World's most popular travel blog for travel bloggers.

# [Solved]: Can expected "depth" of an element and expected "height" differ significantly?

, ,
Problem Detail:

When analysing treaps (or, equivalently, BSTs or Quicksort), it is not too hard to show that

$\qquad\displaystyle \mathbb{E}[d(k)] \in O(\log n)$

where $d(k)$ is the depth of the element with rank $k$ in the set of $n$ keys. Intuitively, this seems to imply that also

$\qquad\displaystyle \mathbb{E}[h(T)] \in O(\log n)$

where $h(T)$ is the height of treap $T$, since

$\qquad\displaystyle h(T) = \max_{k \in [1..n]} d(k)$.

Formally, however, there does not seem to be an (immediate) relationship. We even have

$\qquad\displaystyle \mathbb{E}[h(T)] \geq \max_{k \in [1..n]} \mathbb{E}[d(k)]$

by Jensen's inequality. Now, one can show expected logarithmic height via tail bounds, using more insight into the distribution of $d(k)$.

It is easy to construct examples of distributions that skrew with above intuition, namely extremely asymmetric, heavy-tailed distributions. The question is, can/do such occur in the analysis of algorithms and data structures?

Are there example for data structures $D$ (or algorithms) for which

$\qquad\displaystyle \mathbb{E}[h(D)] \in \omega(\max_{e \in D} \mathbb{E}[d(e)])$?

Nota bene:

• Of course, we have to interpret "depth" and "height" liberally if we consider structures that are not trees. Based on the posts Wandering Logic links to, "Expected average search time" (for $1/n \cdot \sum_{e \in D} \mathbb{E}[d(e)]$) and "expected maximum search time" (for $\mathbb{E}[h(D)]$) seem to be used.

• A related question on math.SE has yielded an interesting answer that may allow deriving useful bounds on $\mathbb{E}[h(D)]$ given suitable bounds on $\mathbb{E}[d(e)]$ and $\mathbb{V}[d(e)]$.

#### Answered By : Wandering Logic

In chained hash tables with uniform hashing a similar question arises. Given a table with $n$ elements hashed into $m$ buckets, the expected number of elements per bucket is $n/m$, but what is the expected length of the longest chain?

I found a Stackoverflow question about chained hash tables.
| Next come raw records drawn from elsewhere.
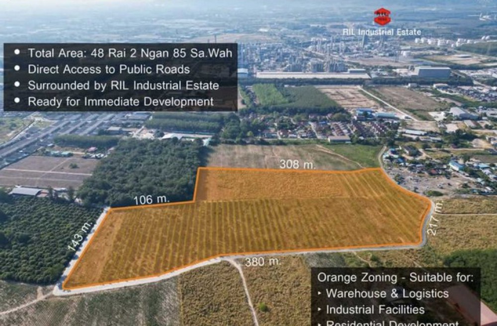 ขายที่ดินศักยภาพสูง ทำเลทอง 48-2-85 ไร่ ต.มาบตาพุด จ.ระยอง ใจกลางโซนอุตสาหกรรม ผังสีส้มเหมาะสำหรับการพัฒนาและการลงทุนระยะยาว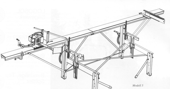 Logosol mobil rönkvágó láncfűrész Ez a láncfűrész a Logosol gyártmányok egy újabb továbbfejlesztett változata, amely kitűnik könnyűtömegével (49 kg), szállításával, és gyors felállítási idejével. A rönköt tartó és a láncfűrészt megvezető szerkezet (45. ábra) összeszerelése egyszerű, a befoglaló mérete 2,5 m szélesség mellett 7,5 m hosszal számolhatunk. A nagyteljesítményűSTHIL motorfűrész (STHIL 064) 5-6 m/min előtolással tudja felfűrészelni a rönköt.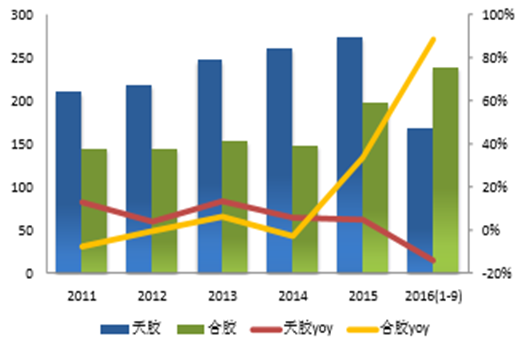我國天膠與合成膠進(jìn)口量(單位:萬噸)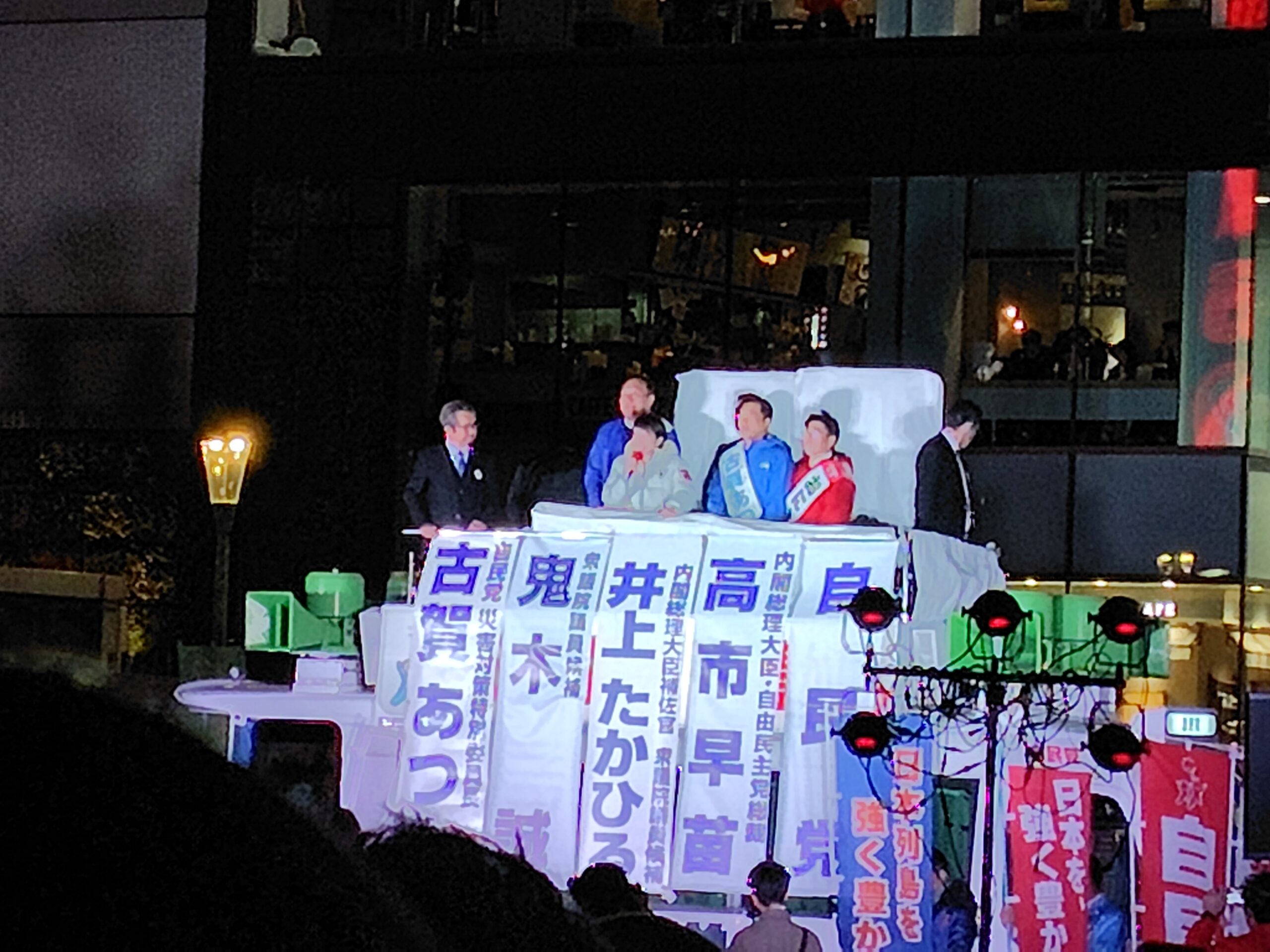 予定通り、1月30日(金)18時より自由民主党の街頭演説がありました。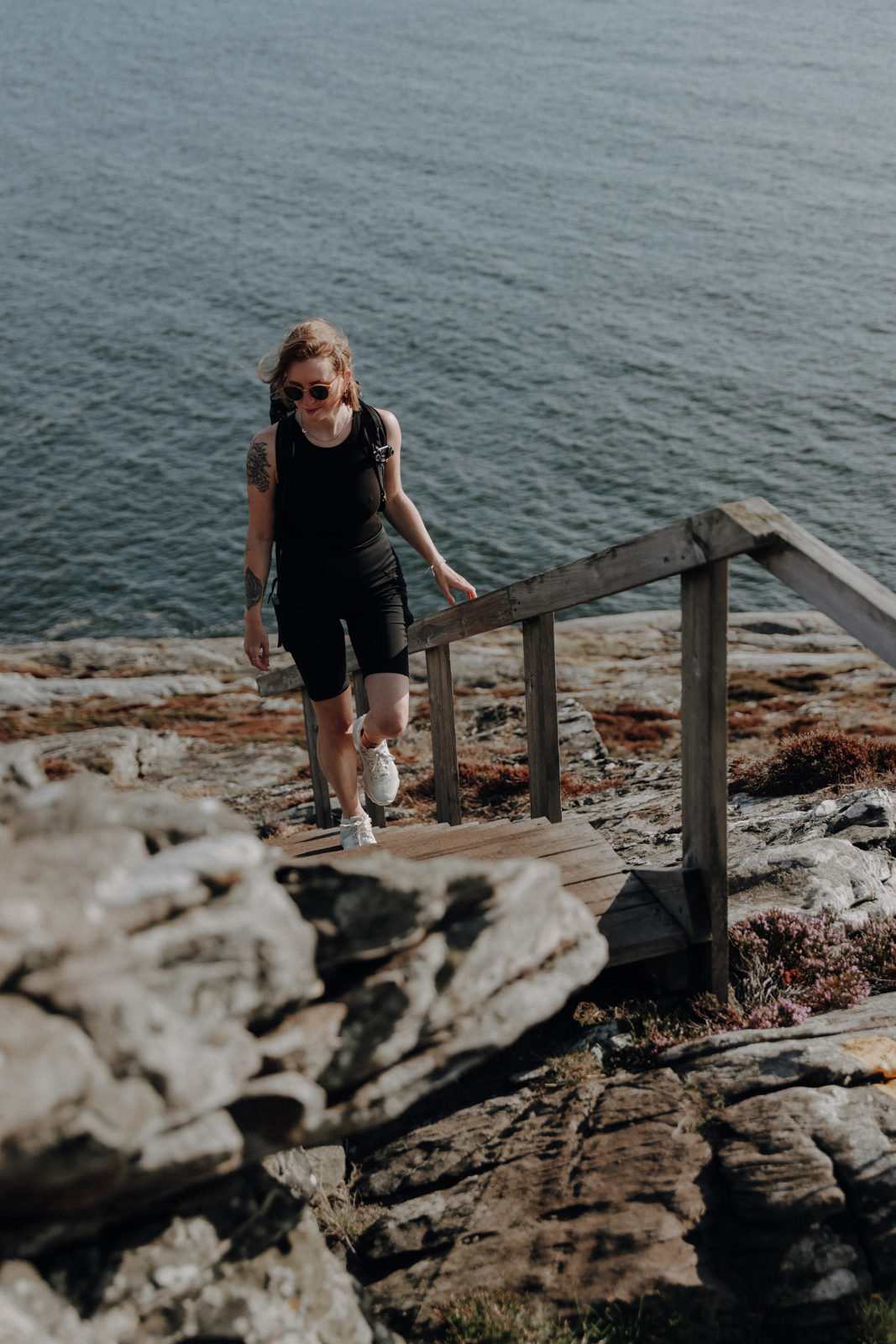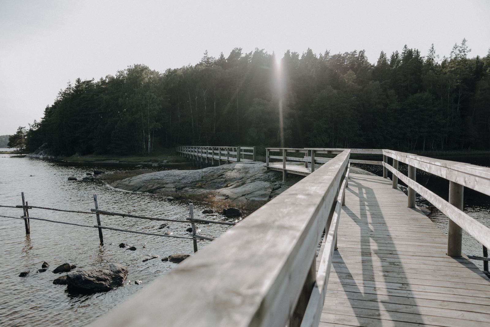 Nach etwa der Hälfte der Tour führt der Weg direkt auf die Klippen, auf denen sich der Wald lichtet und man den freien Blick über die Schärenlandschaft genießen kann. Das Highlight wartet jedoch am Ende der Wanderung, wo der teils steile Weg wieder hinab führt zu den idyllischen Strandwiesen, für die das Naturreservat so bekannt ist. Hier finden sich nicht nur mehrere Strände, sondern auch zahlreiche Felsen, von denen aus man ins Wasser springen kann. Achte in diesem Gebiet auch unbedingt auf den etwas versteckten Holzsteg. Dieser schaut genau in Richtung Westen und eignet sich mit seinem Tisch ganz wunderbar für ein Abendessen zum Sonnenuntergang.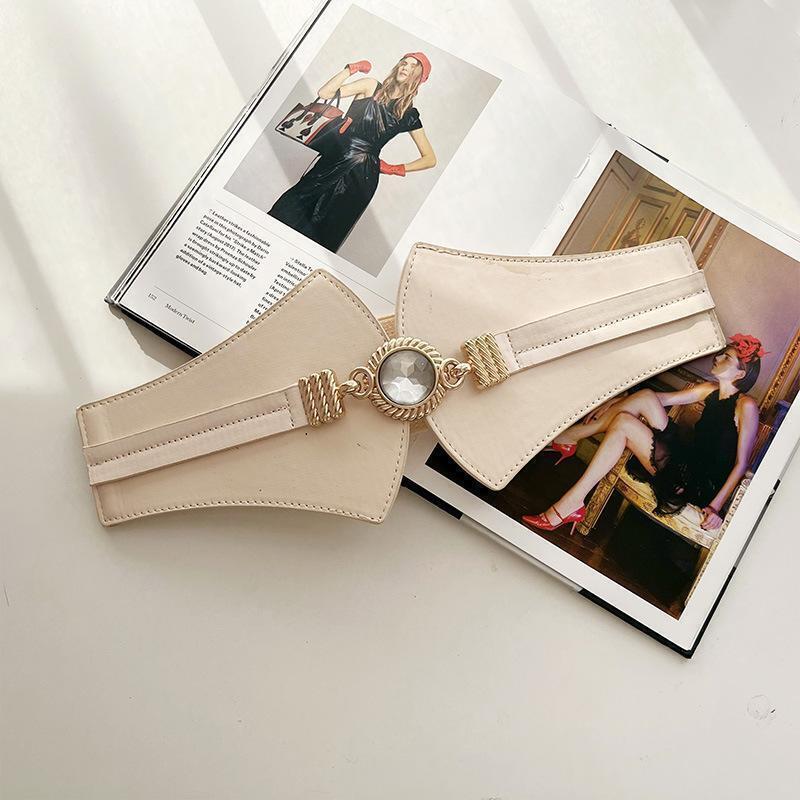 - 71cm~80cm 【ベージュ】 ゴールドバックル 幅広ゴムベルト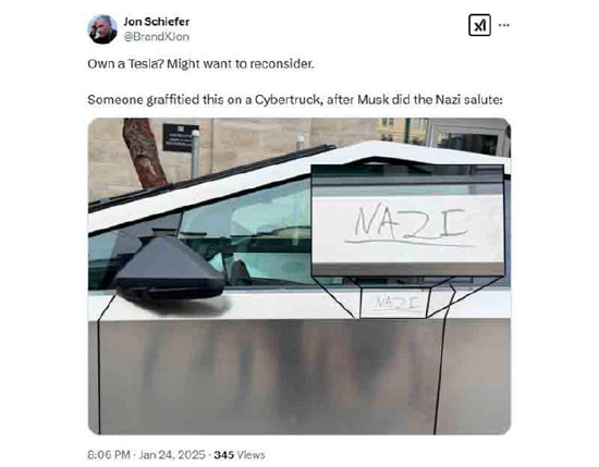 在这场政治风波中,特斯拉就成为了马斯克涉足政坛的牺牲品,不仅遭到左派民众的持续抵制,更不断遭到激进分子的喷漆、打砸甚至纵火枪击。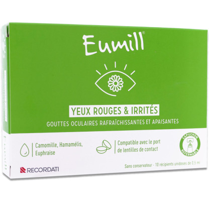 EUMILL GOUTTES OCULAIRES YEUX ROUGES & IRRITÉS est en vente en ligne sur le site de votre parapharmacie à prix discount, offrant une solution pour apaiser les yeux rouges et irrités, compatibles avec les lentilles de contact.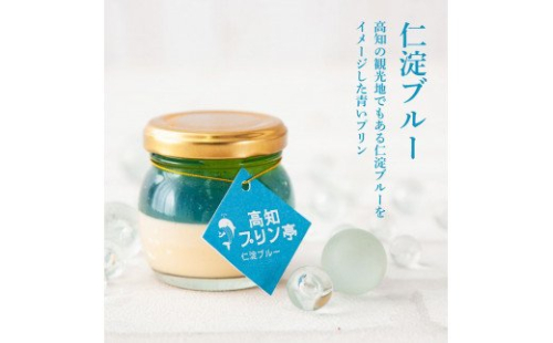 高知県の自然をイメージしたプリンと定番プリンのセットです。・マダガスカル産の超高級天然バニラビーンズ、国産素材を使用した飲めるほどなめらかなプリン・昔懐かしいしっかり固めのプリン・高知の観光地でもある仁淀ブルーをイメージした青いプリン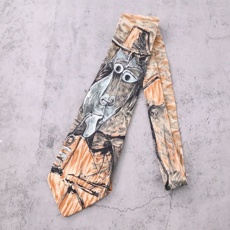 90's Picasso "Smoker" アート柄 シルクネクタイ [165855]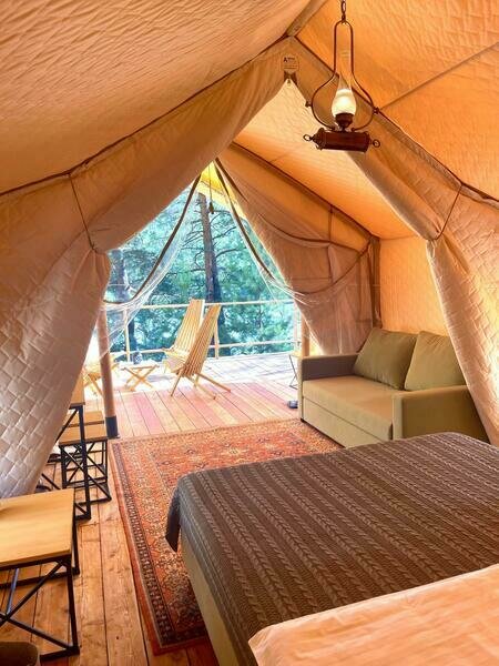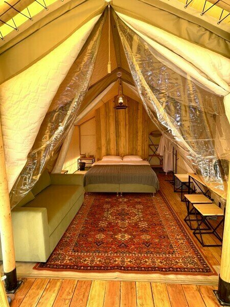 Комфортабельные палатки со всеми удобствами с большой двуспальной кроватью + большой диван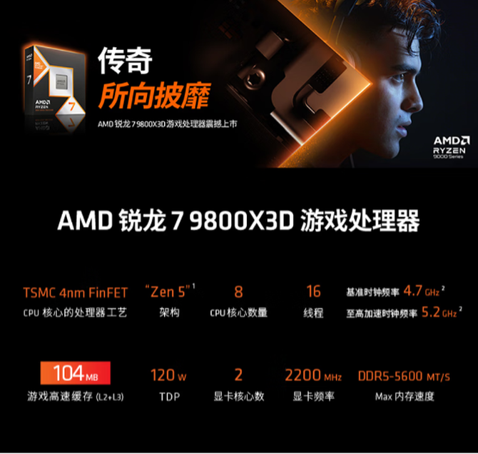 AMD 锐龙7 9800X3D处理器购买链接: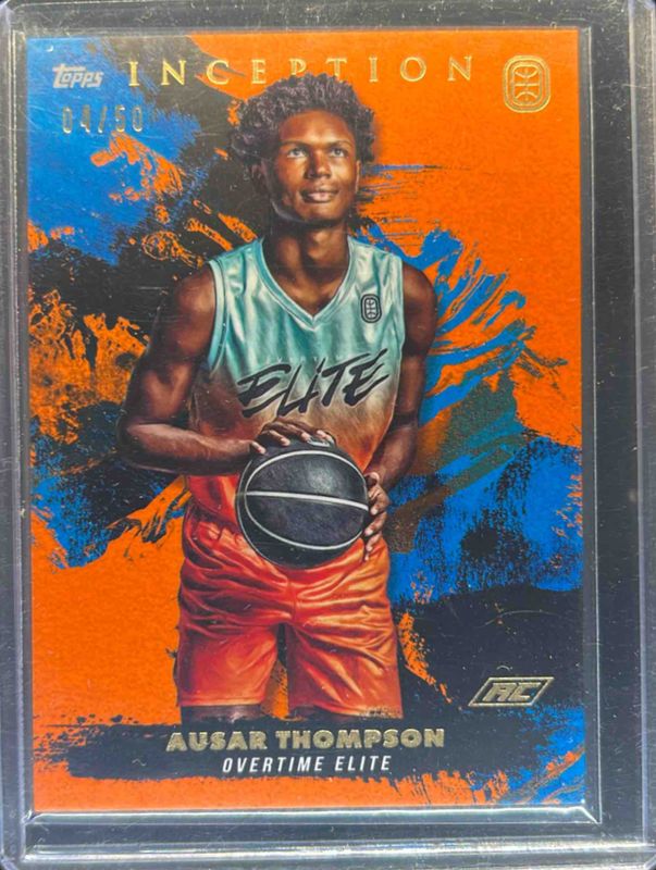 The Ausar Thompson 2021 Topps Inception OTE Overtime Elite #48 Orange /50 card is 1 of 113 Ausar Thompson's card variations in the 2021 Topps Inception OTE Overtime Elite set being tracked by Sports Card Investor, including #1 Base, #21 Base, #48 Base, #57 Base, and #48 Blue /199.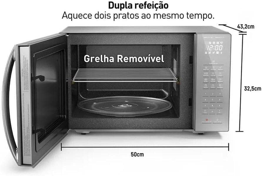 O Panasonic inibe até 99,9% da proliferação das bactérias, pois tem revestimento antimicrobiano. Design Sofisticado Agora a linha está ainda mais moderna e sofisticada, com um novo painel. Dupla Refeição. Sabe quando você vai almoçar com alguém e precisa esperar um prato ficar pronto para esquentar o outro? Com uma grelha removível, a função pode ser ativada para aquecer 300g, 500g e 700g (peso total de duas porções) em pratos diferentes. Para aproveitar, basta colocar uma refeição no prato giratório e outra na grelha. Pega Fácil. Sabe quando você vai aquecer algo em uma xícara e, quando o micro-ondas para, ela está no fundo do aparelho, com a asa virada para trás? Pega Fácil resolve para você. Assim que o aquecimento termina, o prato faz uma rotação para que você pegue o utensílio exatamente onde deixou.

The answer by btilly argues that for fixed ratio $n/m$ the expected worst case longest chain is $\Theta(\log n/ \log\log n)$. (Since $n/m$ is fixed, $m$ doesn't need to come into the answer.)

And the answer by templatetypedef references the following paper for a more detailed analysis:
Gaston H. Gonnet: Expected Length of the Longest Probe Sequence in Hash Code Searching.
J. ACM_ 28(2):289-304, 1981.
[Free techreport version at University of Waterloo]

Slightly more generally I found a math.stackexchange question about the balls and bins problem. The answer by Yuval Filmus cites the following paper, which gives even tighter bounds: Martin Raab; Angelika Steger: Balls into Bins - A Simple and Tight Analysis. 2nd Intl Wkshp on Randomization and Approximation Techniques in Computer Science, pp. 159-170, 1998.

Finally, there is apparently a branch of statistics called extreme value theory culminating in the Fisher-Tippett-Gnedenko theorem, which, I think, gives expected maxima for a huge variety of distributions.